Dominique Martinet April 24, 2023, 8:41 a.m. UTC | #3
Thanks!

Clay Harris wrote on Mon, Apr 24, 2023 at 02:29:46AM -0500:
> This also seems like a good place to bring up a point I made with
> the last attempt at this code.  You're missing an optimization here.
> getdents knows whether it is returning a buffer because the next entry
> won't fit versus because there are no more entries.  As it doesn't
> return that information, callers must always keep calling it back
> until EOF.  This means a completely unnecessary call is made for
> every open directory.  In other words, for a directory scan where
> the buffers are large enough to not overflow, that literally twice
> as many calls are made to getdents as necessary.  As io_uring is
> in-kernel, it could use an internal interface to getdents which would
> return an EOF indicator along with the (probably non-empty) buffer.
> io_uring would then return that flag with the CQE.

Sorry I didn't spot that comment in the last iteration of the patch,
that sounds interesting.

This isn't straightforward even in-kernel though: the ctx.actor callback
(filldir64) isn't called when we're done, so we only know we couldn't
fill in the buffer.
We could have the callback record 'buffer full' and consider we're done
if the buffer is full, or just single-handedly declare we are if we have
more than `MAXNAMLEN + sizeof(struct linux_dirent64)` left over, but I
assume a filesystem is allowed to return what it has readily available
and expect the user to come back later?
In which case we cannot use this as an heuristic...

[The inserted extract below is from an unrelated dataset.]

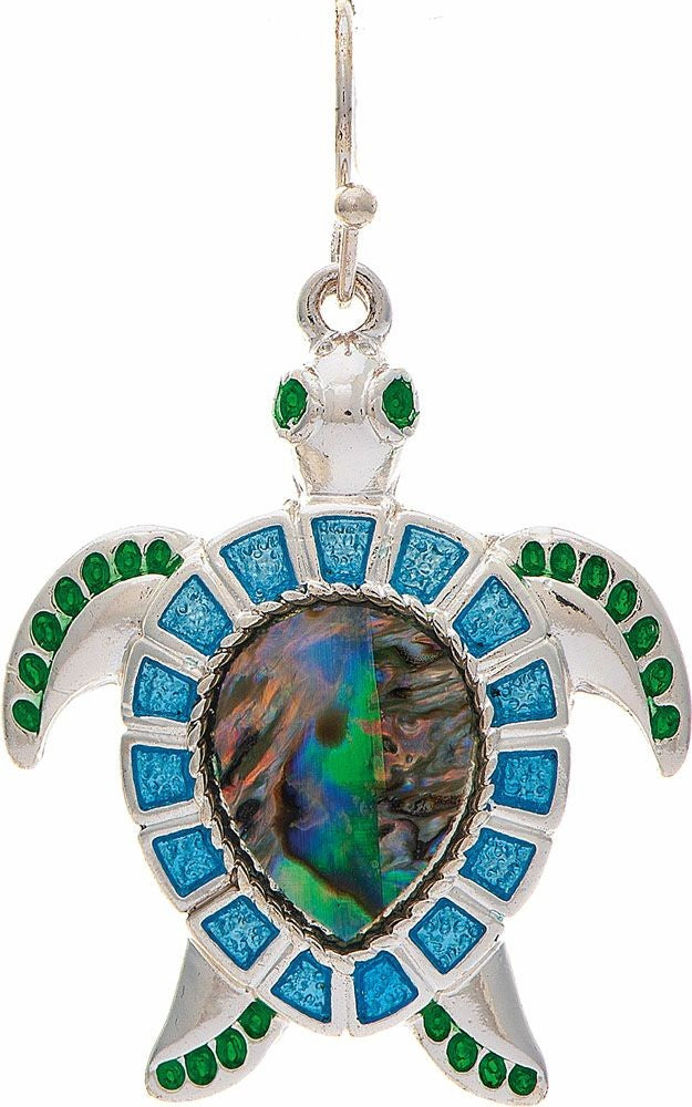 Silver Blue Green Abalone Inlay Sea Turtle Earring Pair

So if we do this, it'll require a way for filesystems to say they're
filling in as much as they can, or go the sledgehammer way of adding an
extra dir_context dir_context callback, either way I'm not sure I want
to deal with all that immediately unless I'm told all filesystems will
fill as much as possible without ever failing for any temporary reason
in the middle of iterate/iterate_shared().
Call me greedy but I believe such a flag in the CQE could also be added
later on without any bad side effects (as it's optional to check on it
to stop calling early and there's no harm in not setting it)?


> (* As an aside, the only place I've ever seen a non-zero lseek on a
> directory, is in a very resource limited environment, e.g. too small
> open files limit.  In the case of a depth-first directory scan, it
> must close directories before completely reading them, and reopen /
> lseek to their previous position in order to continue.  This scenario
> is certainly not worth bothering with for io_uring.)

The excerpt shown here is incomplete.